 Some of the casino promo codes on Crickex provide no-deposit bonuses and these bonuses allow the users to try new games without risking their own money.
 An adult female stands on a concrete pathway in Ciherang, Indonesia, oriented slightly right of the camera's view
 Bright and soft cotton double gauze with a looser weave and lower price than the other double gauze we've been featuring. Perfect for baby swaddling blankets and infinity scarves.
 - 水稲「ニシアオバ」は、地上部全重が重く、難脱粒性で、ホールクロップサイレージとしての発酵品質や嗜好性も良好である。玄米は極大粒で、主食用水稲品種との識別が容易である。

--------------------

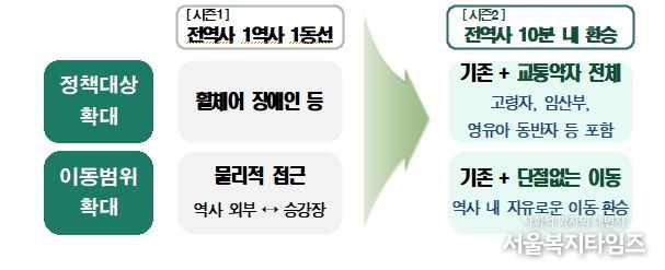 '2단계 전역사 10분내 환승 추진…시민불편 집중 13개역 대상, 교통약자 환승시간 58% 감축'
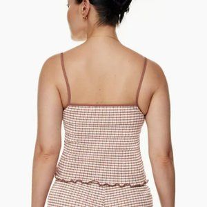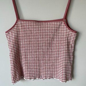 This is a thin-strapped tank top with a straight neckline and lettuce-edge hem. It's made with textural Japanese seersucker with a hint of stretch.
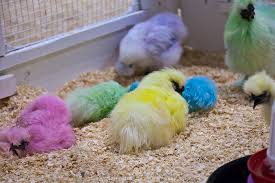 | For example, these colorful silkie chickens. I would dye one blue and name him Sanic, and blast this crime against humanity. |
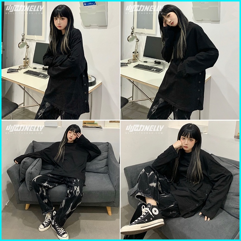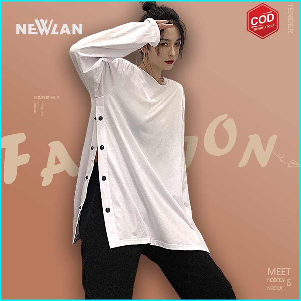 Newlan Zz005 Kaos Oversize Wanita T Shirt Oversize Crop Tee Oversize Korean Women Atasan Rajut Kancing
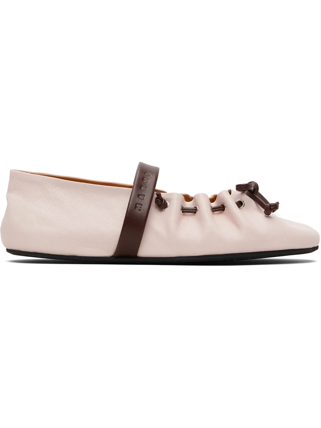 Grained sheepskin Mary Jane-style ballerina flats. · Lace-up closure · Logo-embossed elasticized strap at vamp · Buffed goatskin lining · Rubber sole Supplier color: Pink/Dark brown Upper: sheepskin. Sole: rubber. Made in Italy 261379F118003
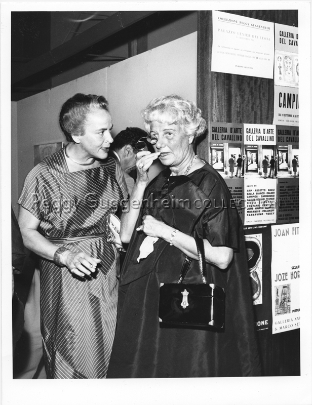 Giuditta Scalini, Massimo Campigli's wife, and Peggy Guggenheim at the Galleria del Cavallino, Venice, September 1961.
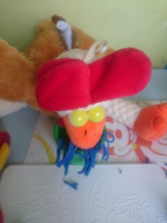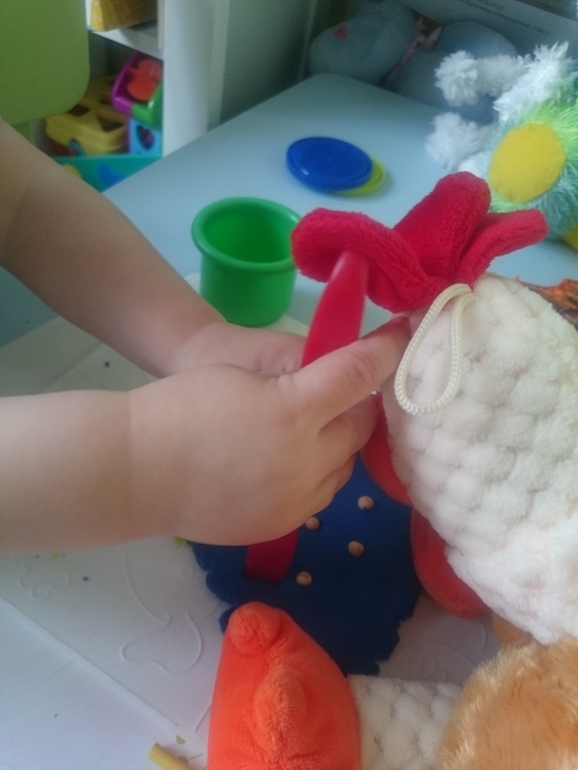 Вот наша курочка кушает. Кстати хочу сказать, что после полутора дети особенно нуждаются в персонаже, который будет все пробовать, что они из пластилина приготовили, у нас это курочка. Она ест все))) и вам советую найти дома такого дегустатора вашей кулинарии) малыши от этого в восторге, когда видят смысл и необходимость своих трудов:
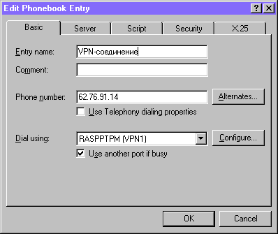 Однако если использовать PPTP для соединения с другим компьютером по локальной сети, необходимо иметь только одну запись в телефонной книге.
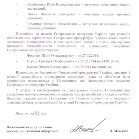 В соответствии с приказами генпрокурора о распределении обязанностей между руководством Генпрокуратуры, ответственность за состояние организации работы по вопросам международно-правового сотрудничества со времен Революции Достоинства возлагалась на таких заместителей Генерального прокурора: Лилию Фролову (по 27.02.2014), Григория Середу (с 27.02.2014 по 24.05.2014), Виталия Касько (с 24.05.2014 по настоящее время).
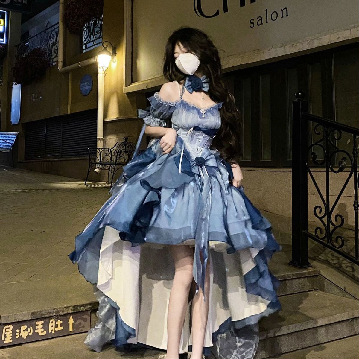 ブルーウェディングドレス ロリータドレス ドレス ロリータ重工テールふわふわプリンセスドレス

--------------------

Problem details: Leaving out the pictures, please output the lines in the entries above from the one with "Giuditta Scalini, Massimo" through the one with "Однако если использовать", exactly as they are.

Finished task:
 Giuditta Scalini, Massimo Campigli's wife, and Peggy Guggenheim at the Galleria del Cavallino, Venice, September 1961.
 Вот наша курочка кушает. Кстати хочу сказать, что после полутора дети особенно нуждаются в персонаже, который будет все пробовать, что они из пластилина приготовили, у нас это курочка. Она ест все))) и вам советую найти дома такого дегустатора вашей кулинарии) малыши от этого в восторге, когда видят смысл и необходимость своих трудов:
 Однако если использовать PPTP для соединения с другим компьютером по локальной сети, необходимо иметь только одну запись в телефонной книге.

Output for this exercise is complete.